So this is what all those poems and songs meant, isn't it. Huh.

Both party leave the encounter feeling heavy, haunted: the angel from all the words he hasn't spoken, the demon from the ones he has.

Crowley had never, since he wrote those lines, felt like they were his to deliver. He did, however, feel this...inexplicable push to release them among the humans, something he couldn't really explain if not with a fundamental admission to his charred, crispy demonic heart: he wanted to share his experience in the mortal world...With them, with the mortals. Almost like he was some sort of peer to them, like he shared some of their anguish. That particular weight behind his material sternum...hamlet DID come mostly from that, but where did THAT come from?

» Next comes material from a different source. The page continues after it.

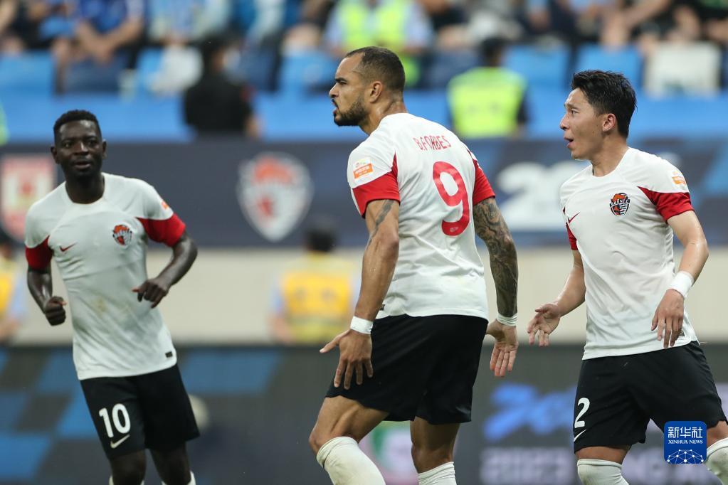 7月2日,青岛海牛队球员福布斯(右二)进球后与队友庆祝。新华社记者 潘昱龙 摄

Crowley avoided the question as much as he could. But the way the angel had looked at him after he recited that monologue...it zapped Crowley like a slightly shy bolt of lightning.  
Aziraphale really didn't need to elaborate, not cause Crowley felt it wasn't something important, but because he could clearly see it written across that angelic bloody forehead that the words had touched him. Deep. A lot deeper than that time they had heard them together delivered so poorly. 

Crowley finds himself smirking and this time he zapps himself.  
What's bugging him is that he had NEVER felt like he wanted to be the one performing his piece. But that day, hearing his own words uttered with such devoidance of meaning, of torment, of FIRE and seeing Aziraphale applaud such a disgraceful performance-

A small fire erupts on the side of the road Crowley's walking along, and it snaps him out of his demonic outrage. He puts it out with a snap of his fingers in turn, and walks faster towards whatever'll take his mind off of all of this.

**Author's Note:**

> Do let me know what you thought!
> 
> (Also, in case anyone missed it, there's a BBC version of Hamlet, David plays prince Hamlet and Patrick Stewart plays king Hamlet. It's great! It's also, like, three and a half hours long but it's great if you're into that stuff)


End file.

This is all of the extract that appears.